TASK TO CARRY OUT ->
All the records that follow need to be reproduced exactly. Omit the images.

Items from a data source:
·····
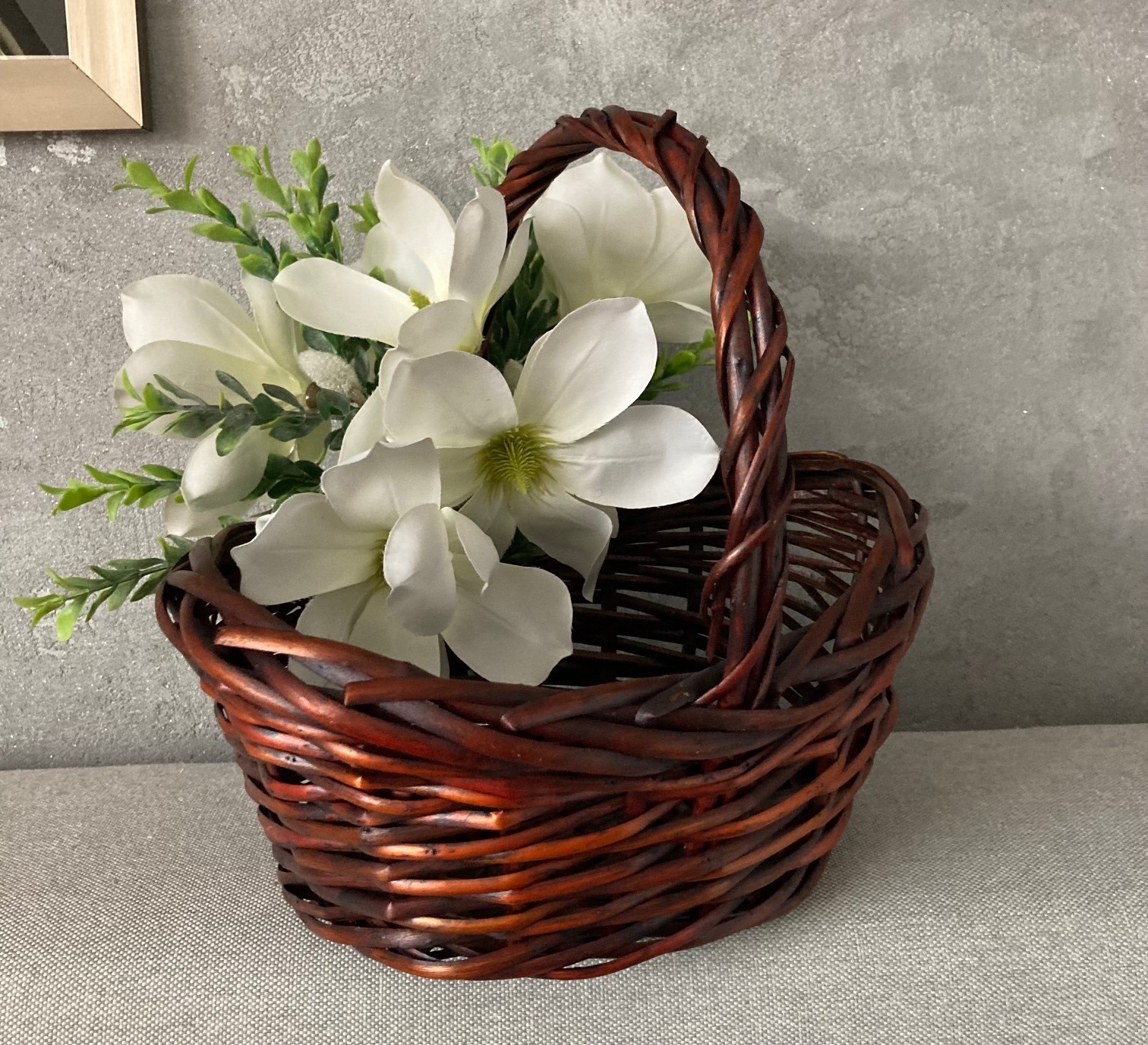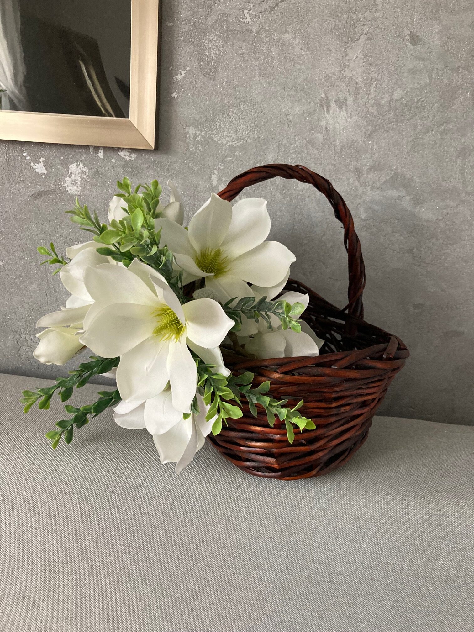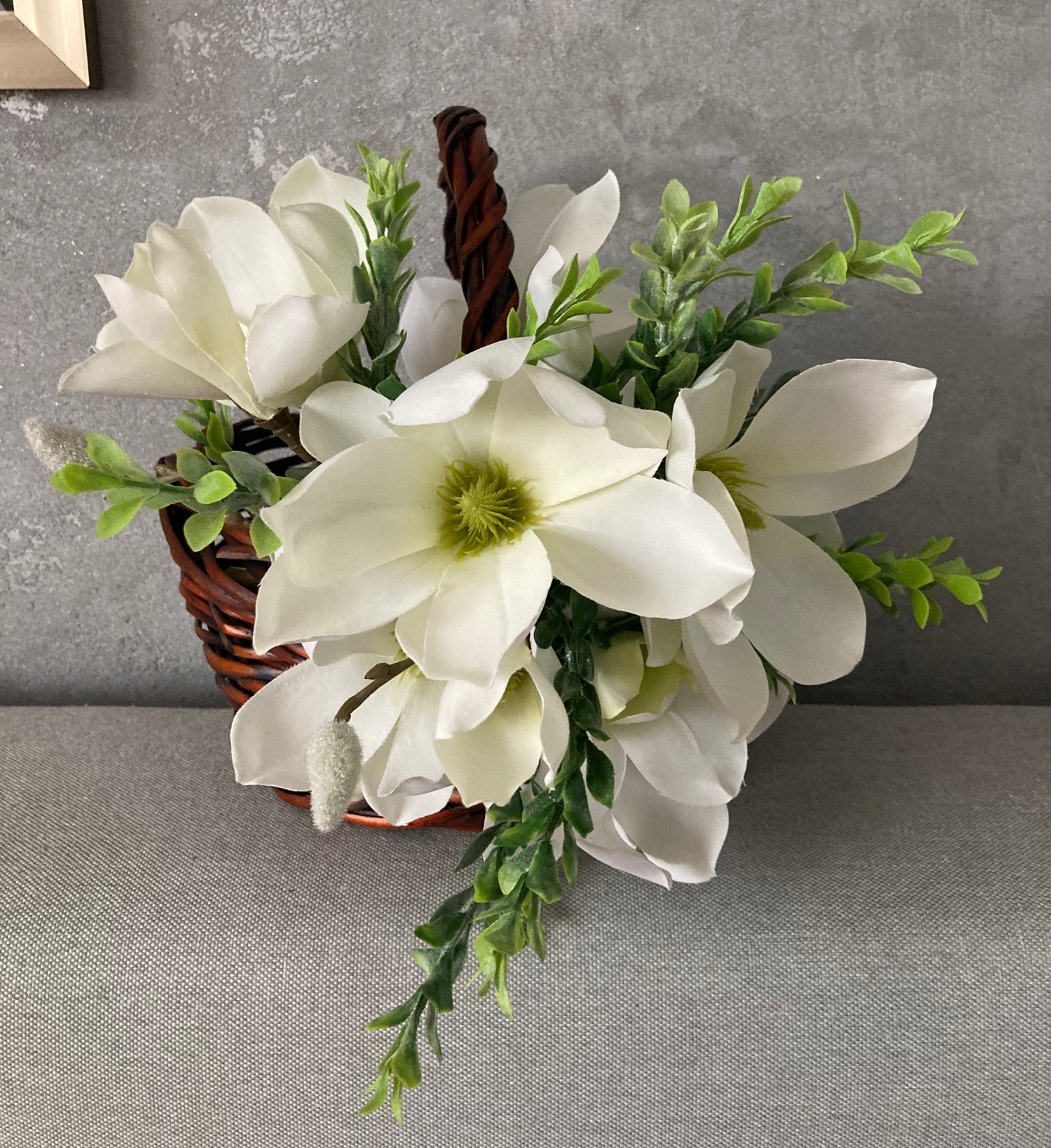 Easter basket decorated with magnolia flowers. The flowers used in the decoration are artificial.
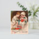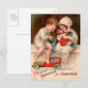 Esta es una dulce postal vintage de Navidad de un lindo niño y chica jugando con sus regalos de Navidades. El niño está admirando un reloj de bolsillo de sus Navidades cargando mientras un auto de juguete rojo está en el suelo a sus pies. La niña está sosteniendo su muñeca, con un vestido rojo, cerca de ella. La tarjeta postal dice: "Saludos cordiales para los Navidades".
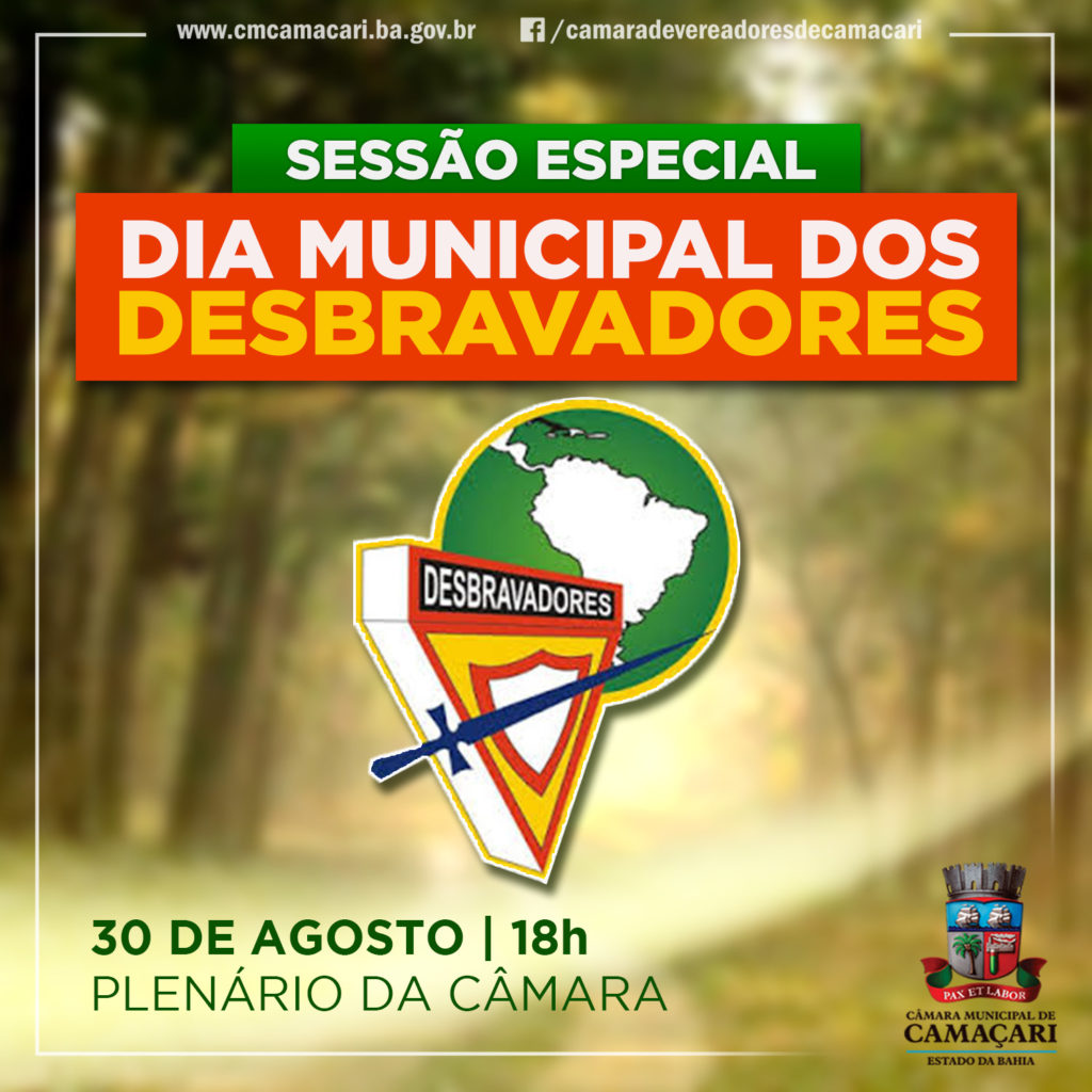 Este ano, o Dia Municipal dos Desbravadores completa 10 anos de instituído em Camaçari. Para comemorar a data, será realizada nesta quarta-feira (30/08), na Câmara Municipal, Sessão Especial sobre o tema. O evento está marcado para iniciar às 18h e é uma iniciativa do vereador Junior Borges (DEM).
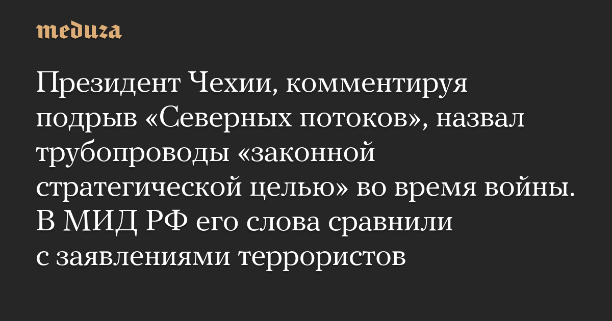 Президент Чехии, комментируя подрыв «Северных потоков», назвал трубопроводы «законной стратегической целью» во время войны. В МИД РФ его слова сравнили с заявлениями террористов
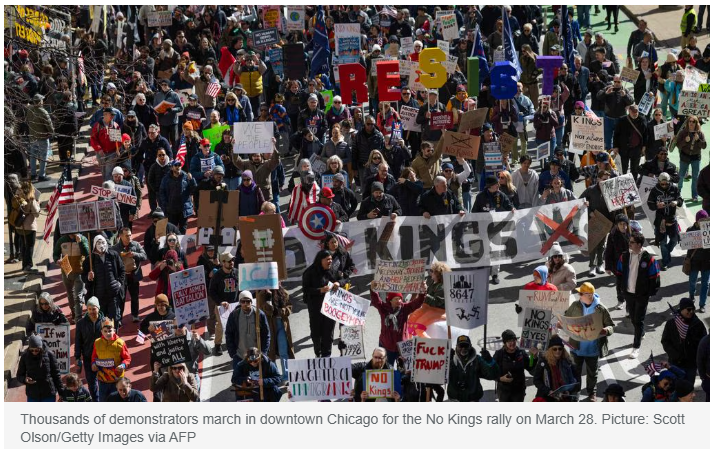 수많은 인파가 도널드 트럼프 대통령의 권위주의적 국정 운영, 강경한 이민 정책, 그리고 이란과의 무력 충돌에 강력히 항의하며 전국 각지에서 집회를 열었습니다. 이번 시위는 2025년 1월 트럼프 대통령의 두 번째 임기 시작 이후, 그에 대한 가장 강력한 조직적 반대 운동인 풀뿌리 시민 단체 '노 킹스(No Kings·왕은 없다)'가 주도했습니다. 미국인들이 이 단체와 함께 대규모 거리 시위에 나선 것은 최근 1년 사이 벌써 세 번째입니다.
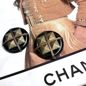 Vintage 80s Large Round Post Black Copper Art Deco Earrings
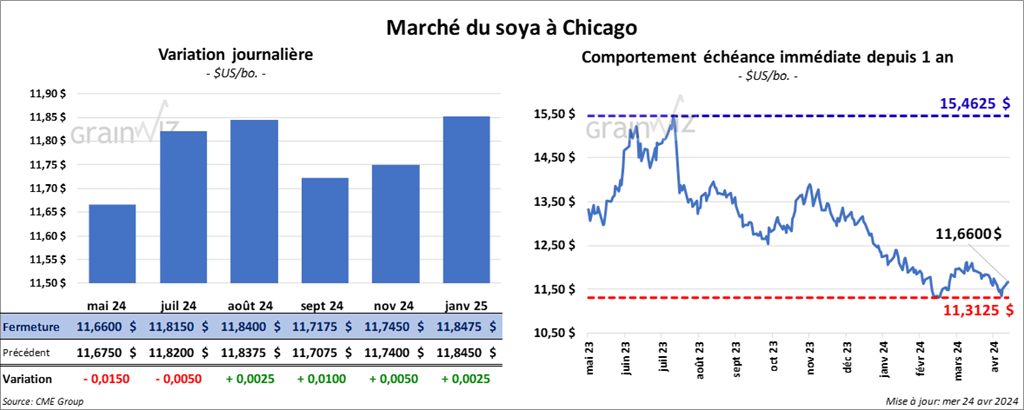 Le contrat de soya US mai 24 a clôturé à 11,6600 $ (- 1 ½ cent). Celui juil. 24 a fermé à 11,8150 $ (- ½ cent). Celui août 24 a terminé à 11,8400 $ (+ ¼ cent). Quant au tourteau de soya US, le contrat mai 24 a fini à 346,00 $/tonne (+ 80 cents/tonne). Celui juil. 24 a clôturé à 349,20 $/tonne (+ 3,10 $/tonne). Celui août 24 a fermé à 350,00 $/tonne (+ 3,70 $/tonne). Du côté de l’huile de soya US, le contrat mai 24 a terminé à 44,66 $ (- 65 points). Celui juil. 24 a fini à 45,27 $ (- 61 points).
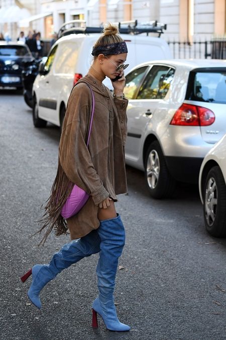 パリ・ファッションウィーク中Saint Laurentにショッピングに出かけたヘイリーは、フリンジ付きスエードチュニックに、ブルーのサイハイブーツ&ピンクのバッグをプラスし、スタイリッシュに。
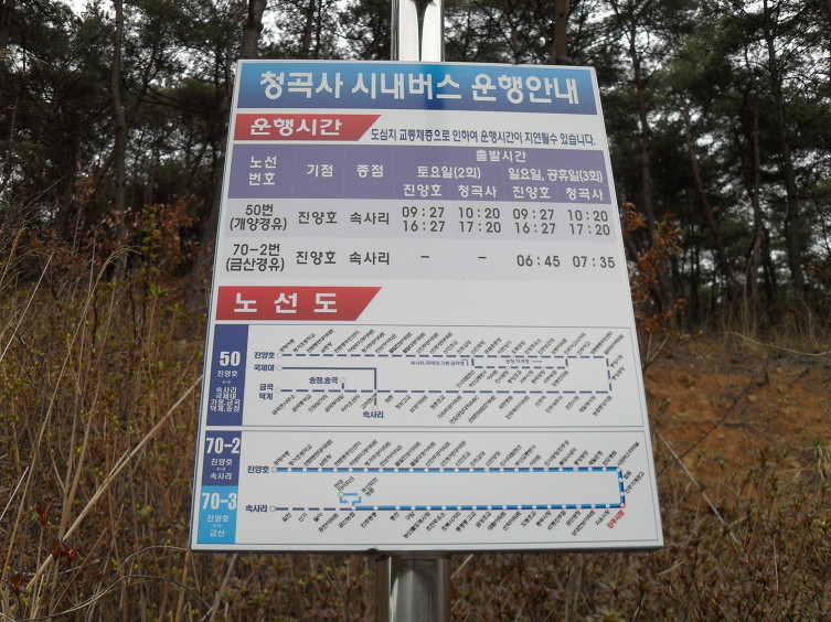 바로 밑의 쉼터가 있는 고개에선 여러 갈림길이 있는데, 청곡사로 가는 길과 성은암을 거쳐 중간
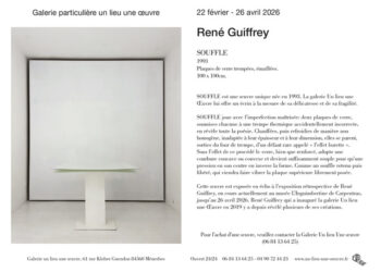 25 février 2026 - 26 avril 2026 @ All Day - René Guiffrey 22 février - 26 avril 2026 SOUFFLE 1993 Plaques... Lire la suite → Galerie Un Lieu Une Oeuvre
·····
ANSWER SECTION ->
 Easter basket decorated with magnolia flowers. The flowers used in the decoration are artificial.
 Esta es una dulce postal vintage de Navidad de un lindo niño y chica jugando con sus regalos de Navidades. El niño está admirando un reloj de bolsillo de sus Navidades cargando mientras un auto de juguete rojo está en el suelo a sus pies. La niña está sosteniendo su muñeca, con un vestido rojo, cerca de ella. La tarjeta postal dice: "Saludos cordiales para los Navidades".
 Este ano, o Dia Municipal dos Desbravadores completa 10 anos de instituído em Camaçari. Para comemorar a data, será realizada nesta quarta-feira (30/08), na Câmara Municipal, Sessão Especial sobre o tema. O evento está marcado para iniciar às 18h e é uma iniciativa do vereador Junior Borges (DEM).
 Президент Чехии, комментируя подрыв «Северных потоков», назвал трубопроводы «законной стратегической целью» во время войны. В МИД РФ его слова сравнили с заявлениями террористов
 수많은 인파가 도널드 트럼프 대통령의 권위주의적 국정 운영, 강경한 이민 정책, 그리고 이란과의 무력 충돌에 강력히 항의하며 전국 각지에서 집회를 열었습니다. 이번 시위는 2025년 1월 트럼프 대통령의 두 번째 임기 시작 이후, 그에 대한 가장 강력한 조직적 반대 운동인 풀뿌리 시민 단체 '노 킹스(No Kings·왕은 없다)'가 주도했습니다. 미국인들이 이 단체와 함께 대규모 거리 시위에 나선 것은 최근 1년 사이 벌써 세 번째입니다.
 Vintage 80s Large Round Post Black Copper Art Deco Earrings
 Le contrat de soya US mai 24 a clôturé à 11,6600 $ (- 1 ½ cent). Celui juil. 24 a fermé à 11,8150 $ (- ½ cent). Celui août 24 a terminé à 11,8400 $ (+ ¼ cent). Quant au tourteau de soya US, le contrat mai 24 a fini à 346,00 $/tonne (+ 80 cents/tonne). Celui juil. 24 a clôturé à 349,20 $/tonne (+ 3,10 $/tonne). Celui août 24 a fermé à 350,00 $/tonne (+ 3,70 $/tonne). Du côté de l’huile de soya US, le contrat mai 24 a terminé à 44,66 $ (- 65 points). Celui juil. 24 a fini à 45,27 $ (- 61 points).
 パリ・ファッションウィーク中Saint Laurentにショッピングに出かけたヘイリーは、フリンジ付きスエードチュニックに、ブルーのサイハイブーツ&ピンクのバッグをプラスし、スタイリッシュに。
 바로 밑의 쉼터가 있는 고개에선 여러 갈림길이 있는데, 청곡사로 가는 길과 성은암을 거쳐 중간
 25 février 2026 - 26 avril 2026 @ All Day - René Guiffrey 22 février - 26 avril 2026 SOUFFLE 1993 Plaques... Lire la suite → Galerie Un Lieu Une Oeuvre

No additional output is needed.